А дальше, помню, мне показалось, что Гришкина физиономия отпрянула от меня на большое расстояние, — да, мгновенно отодвинулась, и я почувствовал себя избавленным от давящих рук и колен. Физиономия же серой собаки, наоборот, вдруг приблизилась вплотную, и, жарко обдав густым духом псины, пес посмотрел на меня сосредоточенным взглядом убийцы, собирающегося без помех расправиться с жертвой. Может быть, Гришка долбанул меня тридцать раз, а может, и сто, но на последнем ударе произошло первое в моей жизни превращение. Я проворно проскочил у него между широко расставленных ног и понесся вскачь через пустырь. И впервые ощутил свой пушистый хвост — он мешал мне, раздуваясь на ветру, и поднимал меня в воздух, отчего бег мой получался поневоле плавным, плывущим, а не стремительным, как того желало все мое захваченное ужасом существо. Мои лапы порывались к движениям угорело-бешеным, а вместо этого мягко и едва слышно касались земли, и сзади нарастал, догонял хриплый рев запаленного собачьего дыхания. Там, на пустыре, и пришел бы мне конец, я рано успокоился бы и никогда не встретил вас, моя несравненная, если бы не сараи. О, эти незаменимые сооружения первобытной архитектуры, сколь дороги они человечеству на его поселковой стадии! Сараи спасли мою жизнь. Словно походные телеги древних таборитов, тесными рядами, ощетинившись неровно отрезанными концами стропил, замыкали они пустырь, заросший лебедою и бурьяном. Я вскочил с разбегу в какое-то слепое оконце без стекла, прорезанное над дверью, и, почувствовав себя в безопасности, ощутил первый приступ неистовой беличьей ярости. Высунувшись из оконца назад, я сверху с презрением посмотрел на бесновавшегося под стеною сарая пса и, изловчившись, плюнул ему на башку.
Так, еще в отрочестве, под натиском злых обстоятельств я впервые открыл в себе способность превращения в белку и впоследствии не раз пользовался этим свойством в минуты самые невыносимые для моего ранимого самолюбия.
В возрасте гораздо более старшем я открыл в себе еще одну способность. Произошло это после второго курса, на каникулах. В то лето я жил в одной подмосковной деревне у старухи Прасковьи в маленьком домишке под развесистым древним тополем.

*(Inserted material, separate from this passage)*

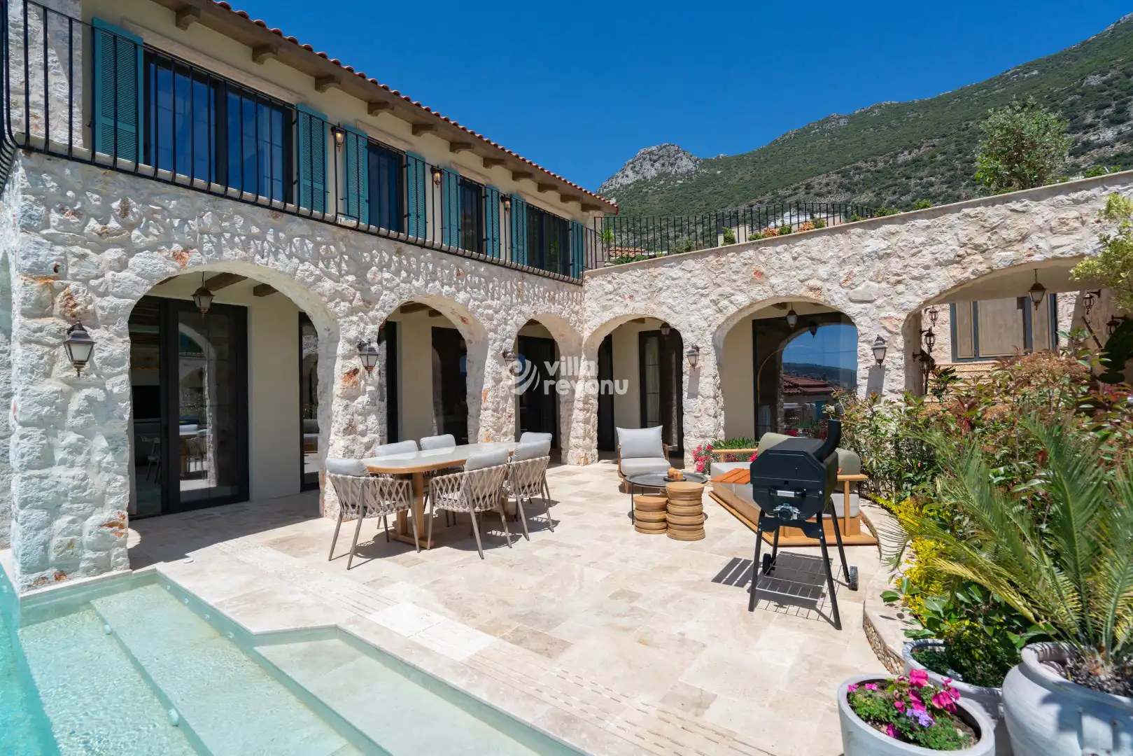 Likya mimarisinden ilham alınarak tasarlanmış, lüks bir konaklama seçeneği olan Villa Luxera 5 hoş geldiniz. Kalkan merkezine yakın konumlanan bu eşsiz villa, doğanın huzurunu dağların zirvesinden, denizin ferahlığını ise maviliklerinden sunuyor. Her detayında zarafet ve konforu harmanlayan Villa Luxera 5, misafirlerine unutulmaz bir tatil deneyimi vaat ediyor. Geniş ve ferah odaları, modern tasarımlı mobilyaları ve zarif dekorasyonuyla, her anı şıklık içinde geçireceğiniz bir ortam sunar. Villa Luxera 5, Likya Antik Kentlerinden ilham alınarak inşa edilmiştir. Taş kaplama duvarları, sütunları ve kemerleriyle tarihi bir atmosfer yaratırken, etkileyici havuzları ve sofistike detaylarıyla da göz kamaştırır. Antik Likya dönemini hissettiren bu benzersiz villa, her köşesinde geçmişin izlerini barındırarak, sizi tarihin derinliklerine götürür. Ziyaretiniz boyunca, bu tarihi dokuyla iç içe geçecek ve Likya'nın büyülü kıyılarında, zamansız bir tatilin keyfini çıkaracaksınız.

Много раз мне приходила в голову мысль о возможности внезапной ночной катастрофы, когда громадный тополь не выдержит собственного веса, переломится и всей тяжестью ствола рухнет на мою хижину. Но этого не случилось, я прожил у Прасковьи счастливое лето, хотя был одинок и мучился неразделенностью своей любви; ко мне ходили двое деревенских мальчишек, Вовка и Санец, испытывавшие большое любопытство к занятию, которому я предавался с утра до ночи, — писал акварели. Поднимался я на заре, шел с этюдником и папкой бумаг со двора и до вечера успевал наработать множество листов. Усталый, еле живой от голода, возвращался я домой, а там меня ждали юные приятели и после с откровенным недоумением на своих непросвещенных физиономиях разглядывали мою мазню и заливки — я осваивал письмо по сырой бумаге.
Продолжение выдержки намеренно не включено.